Print every line below exactly as written, but leave the pictures behind.

*** Collected data

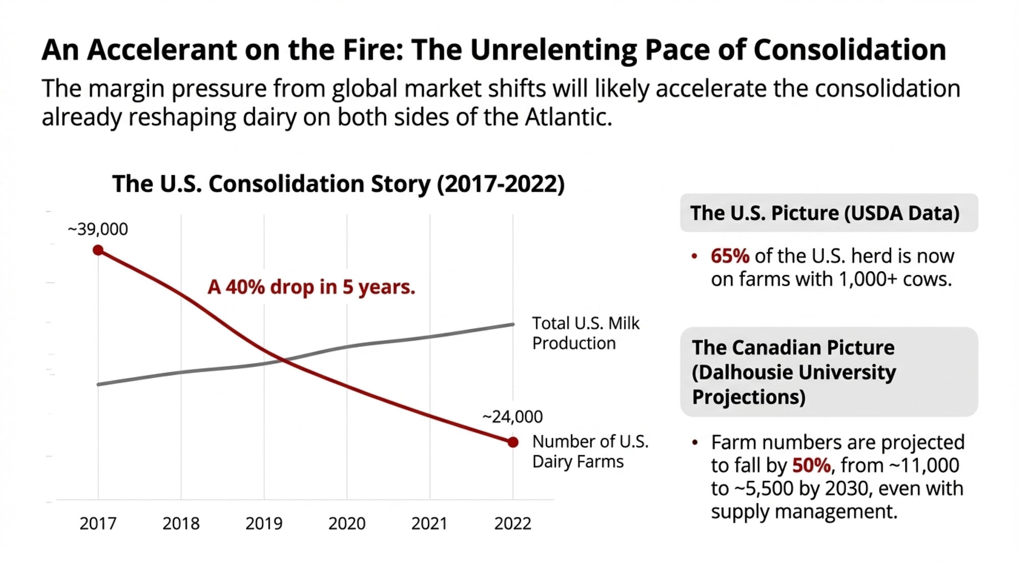 Canada’s supply management system provides some insulation but hasn’t prevented domestic consolidation. Research from Dalhousie University’s Agri-Food Analytics Lab, led by Dr. Sylvain Charlebois, projects that Canadian dairy farm numbers will decline from approximately 11,000 today to around 5,500 by 2030—a 50% reduction, even under supply management.
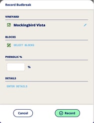 Add Note, Analysis, Vineyard Event and Crop Estimate are all accessible via the Record Action button in both the Vineyard and Block Detail pages. Analysis, Vineyard Events and Crop Estimates are all applied at the Block level. A Note is applied to the Vineyard OR to the Block, depending on where you access the Record Action button.
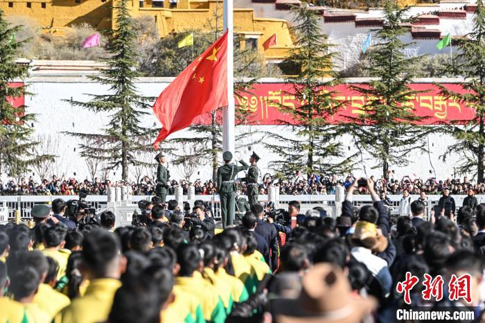 初春的拉萨阳光和煦,布达拉宫广场氛围庄严肃穆。身着节日盛装的农牧民、披着绛红色僧衣的僧尼,各族各界代表整齐排列。队伍中,既有亲历民主改革的老人,也有朝气蓬勃的"10后"青少年代表,他们共同追忆历史,展望未来。

******

▸ Answer box:
 Canada’s supply management system provides some insulation but hasn’t prevented domestic consolidation. Research from Dalhousie University’s Agri-Food Analytics Lab, led by Dr. Sylvain Charlebois, projects that Canadian dairy farm numbers will decline from approximately 11,000 today to around 5,500 by 2030—a 50% reduction, even under supply management.
 Add Note, Analysis, Vineyard Event and Crop Estimate are all accessible via the Record Action button in both the Vineyard and Block Detail pages. Analysis, Vineyard Events and Crop Estimates are all applied at the Block level. A Note is applied to the Vineyard OR to the Block, depending on where you access the Record Action button.
 初春的拉萨阳光和煦,布达拉宫广场氛围庄严肃穆。身着节日盛装的农牧民、披着绛红色僧衣的僧尼,各族各界代表整齐排列。队伍中,既有亲历民主改革的老人,也有朝气蓬勃的"10后"青少年代表,他们共同追忆历史,展望未来。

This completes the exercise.